Exhibit 99.1

PRESS RELEASE
For Immediate Release
January 27, 2011
PENINSULA GAMING COMMENCES $50 MILLION SENIOR UNSECURED NOTES OFFERING AND CONSENT SOLICITATION TO AMEND SENIOR SECURED INDENTURE
Dubuque, Iowa – January 27, 2011 – Peninsula Gaming, LLC (the “Company”), a casino entertainment company with gaming operations in local markets in Iowa and Louisiana, announced today that the Company and Peninsula Gaming Corp., a wholly-owned subsidiary of the Company (together, the “Issuers”), are proposing to issue $50 million in aggregate principal amount of 10 3/4% Senior Unsecured Notes due 2017 (the “Unsecured Notes”). The Unsecured Notes will be unconditionally guaranteed on a senior unsecured basis by each of the Company’s existing and future domestic subsidiaries that are not unrestricted domestic subsidiaries, other than Peninsula Gaming Corp., the co-issuer of the Unsecured Notes.
The net proceeds from the offering of the Unsecured Notes will be used primarily to develop the first phase of the Company’s new gaming facility in Mulvane, Kansas and for other permissible corporate uses.
The Unsecured Notes are being offered only to qualified institutional buyers under Rule 144A of the Securities Act of 1933, as amended (the “Securities Act”) and to non-U.S. persons outside of the United States in compliance with Regulation S of the Securities Act. The Unsecured Notes have not been registered under the Securities Act, any other federal securities laws or the securities laws of any state, and until so registered, the Unsecured Notes may not be offered or sold in the United States except pursuant to an exemption from the registration requirements of the Securities Act and applicable state securities laws.
In addition, the Company announced today the commencement of a solicitation of consents (the “Consent Solicitation”) to amend (the “Proposed Amendments”) the indenture (the “Secured Notes Indenture”) governing the Issuers’ 8 3/8% Senior Secured Notes due 2015 (the “Secured Notes”). The Consent Solicitation is being made in accordance with the terms and subject to the conditions stated in a Consent Solicitation Statement dated January 27, 2011 (the “Consent Solicitation Statement”), to holders of record at 5:00 p.m., New York City time, on January 26, 2011.

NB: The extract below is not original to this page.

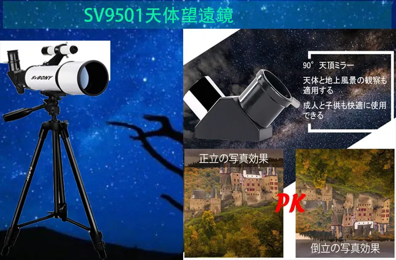 1.25インチ90度天頂ミラー付き、正立な画像を得られます。地上風景と天体の観察も明るい画像を提供できます。

The Consent Solicitation is scheduled to expire at 5:00 p.m., New York City time, on February 2, 2011, unless extended or earlier terminated (the “Expiration Date”). Holders of Secured Notes who validly deliver consents to the Proposed Amendments by the Expiration Date (and do not
revoke such consents) in the manner described in the Consent Solicitation Statement will be eligible to receive consent consideration equal to $1.25 per $1,000 principal amount of Secured Notes for which consents have been delivered (and not revoked). Holders providing consents after the Expiration Date will not receive consent consideration. Consent consideration will be paid as promptly as practicable after the Expiration Date and the satisfaction or waiver of the applicable conditions.

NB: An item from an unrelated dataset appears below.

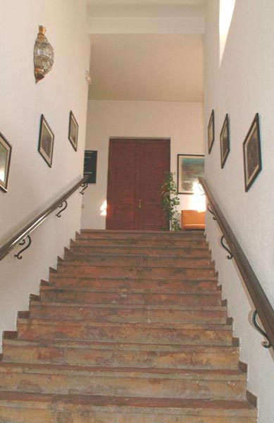 En el Interior hay un salón de sesiones de quince por casi cinco metros y escalera

The Consent Solicitation is subject to a number of conditions that are set forth in the Consent Solicitation Statement, including, without limitation, the receipt of the consent of the holders of at least a majority in aggregate principal amount of outstanding Secured Notes, the execution and effectiveness of a supplemental indenture effecting the Proposed Amendments and a financing condition. Consents may not be revoked on or after the date the supplemental indenture becomes effective (which may occur prior to the Expiration Date if the requisite consent is received before then). If the supplemental indenture effecting the Proposed Amendments become operative, the Proposed Amendments will be binding upon all holders of Secured Notes, whether or not such holders have delivered consents. A more comprehensive description of the Consent Solicitation can be found in the Consent Solicitation Statement.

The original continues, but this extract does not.